WORK ITEM - Find the line below with "La delegazione giapponese, guidata" and the line with "I'm really enjoying". Output them and the lines between, exactly, but not the pictures.

RECORDS SUPPLIED -
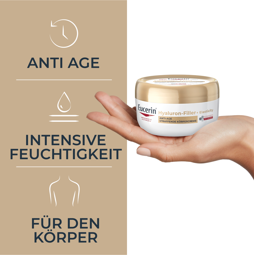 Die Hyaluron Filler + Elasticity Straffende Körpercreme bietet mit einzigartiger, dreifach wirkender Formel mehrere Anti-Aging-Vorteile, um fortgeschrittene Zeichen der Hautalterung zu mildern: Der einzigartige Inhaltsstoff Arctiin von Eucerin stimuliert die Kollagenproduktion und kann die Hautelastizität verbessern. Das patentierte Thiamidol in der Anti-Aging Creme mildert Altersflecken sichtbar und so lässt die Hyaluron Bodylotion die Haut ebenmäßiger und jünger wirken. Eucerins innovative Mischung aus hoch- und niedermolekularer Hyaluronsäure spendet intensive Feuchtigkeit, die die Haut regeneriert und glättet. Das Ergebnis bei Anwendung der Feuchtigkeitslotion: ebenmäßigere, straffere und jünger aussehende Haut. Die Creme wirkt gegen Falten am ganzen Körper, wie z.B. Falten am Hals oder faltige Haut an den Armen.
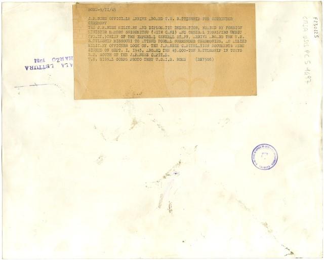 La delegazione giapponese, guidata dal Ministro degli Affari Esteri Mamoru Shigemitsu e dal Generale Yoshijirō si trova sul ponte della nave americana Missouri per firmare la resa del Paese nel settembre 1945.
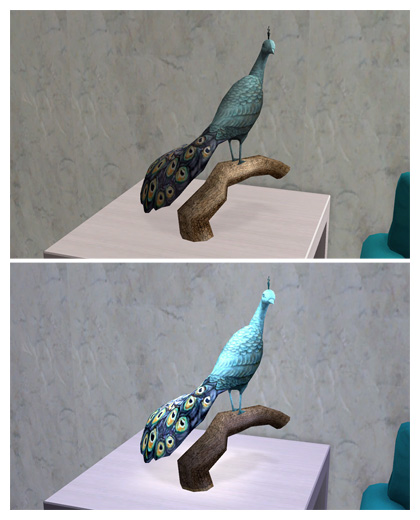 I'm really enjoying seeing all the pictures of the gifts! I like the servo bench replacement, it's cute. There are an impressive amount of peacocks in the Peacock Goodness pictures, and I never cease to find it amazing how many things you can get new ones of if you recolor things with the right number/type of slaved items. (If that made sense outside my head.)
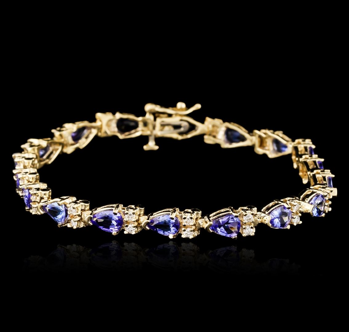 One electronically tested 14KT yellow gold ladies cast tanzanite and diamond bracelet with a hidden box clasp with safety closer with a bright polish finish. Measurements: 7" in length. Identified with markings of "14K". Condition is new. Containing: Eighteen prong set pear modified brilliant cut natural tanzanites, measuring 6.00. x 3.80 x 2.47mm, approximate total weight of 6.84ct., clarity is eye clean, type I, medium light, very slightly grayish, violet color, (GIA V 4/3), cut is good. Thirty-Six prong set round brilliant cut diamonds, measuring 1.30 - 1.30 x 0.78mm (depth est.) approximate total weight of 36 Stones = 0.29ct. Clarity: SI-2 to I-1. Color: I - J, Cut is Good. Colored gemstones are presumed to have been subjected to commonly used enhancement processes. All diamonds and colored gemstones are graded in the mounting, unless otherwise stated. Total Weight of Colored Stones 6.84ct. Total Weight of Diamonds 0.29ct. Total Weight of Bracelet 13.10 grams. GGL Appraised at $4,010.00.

* * *

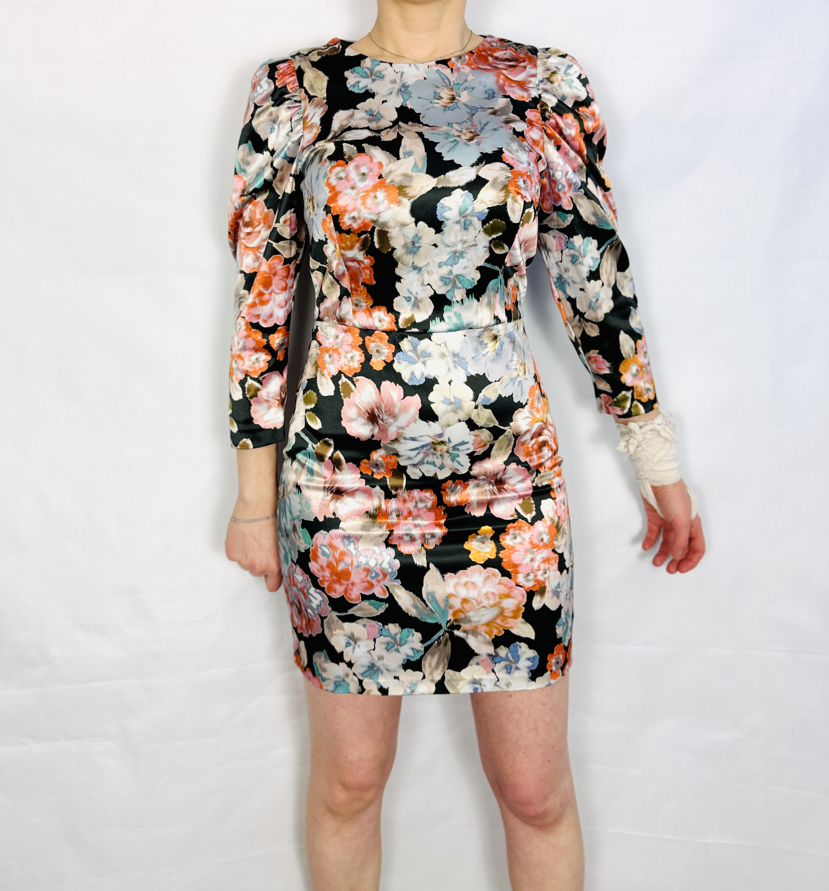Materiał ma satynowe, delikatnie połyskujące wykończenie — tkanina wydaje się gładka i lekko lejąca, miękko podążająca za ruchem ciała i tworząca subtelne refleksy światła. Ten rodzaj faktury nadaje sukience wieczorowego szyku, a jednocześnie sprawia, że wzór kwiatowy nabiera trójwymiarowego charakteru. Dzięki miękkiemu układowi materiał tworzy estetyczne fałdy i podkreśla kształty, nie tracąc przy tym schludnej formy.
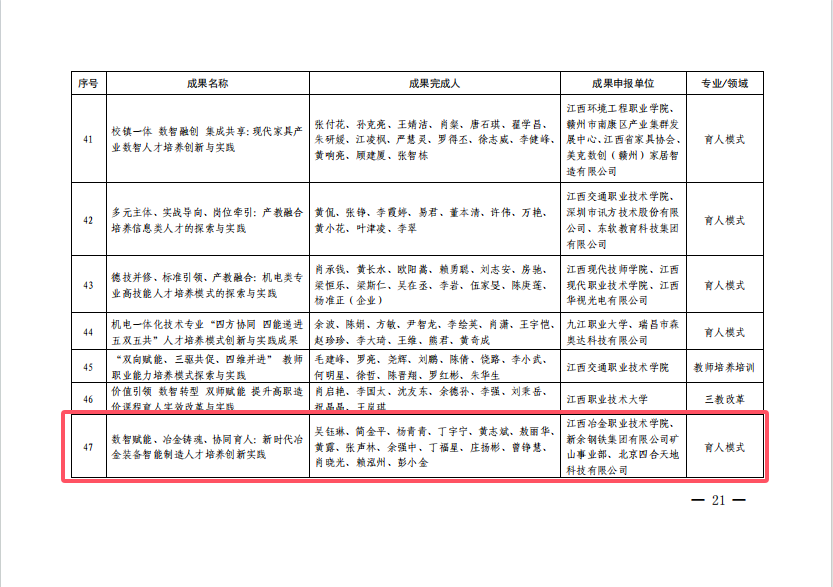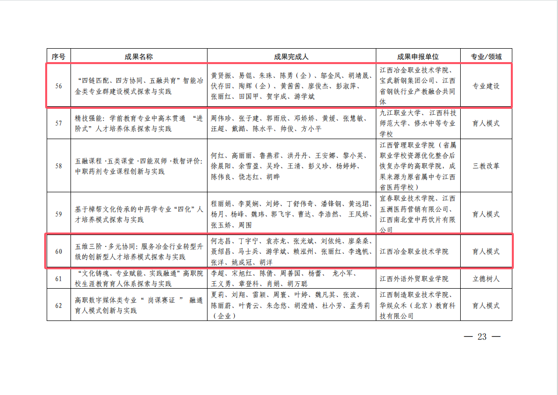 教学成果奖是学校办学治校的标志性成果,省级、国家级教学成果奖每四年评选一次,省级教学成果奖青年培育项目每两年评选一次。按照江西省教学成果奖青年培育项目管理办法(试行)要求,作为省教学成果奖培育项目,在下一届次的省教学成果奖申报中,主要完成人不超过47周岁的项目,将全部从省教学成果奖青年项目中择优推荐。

ANSWER SECTION -
 La delegazione giapponese, guidata dal Ministro degli Affari Esteri Mamoru Shigemitsu e dal Generale Yoshijirō si trova sul ponte della nave americana Missouri per firmare la resa del Paese nel settembre 1945.
 I'm really enjoying seeing all the pictures of the gifts! I like the servo bench replacement, it's cute. There are an impressive amount of peacocks in the Peacock Goodness pictures, and I never cease to find it amazing how many things you can get new ones of if you recolor things with the right number/type of slaved items. (If that made sense outside my head.)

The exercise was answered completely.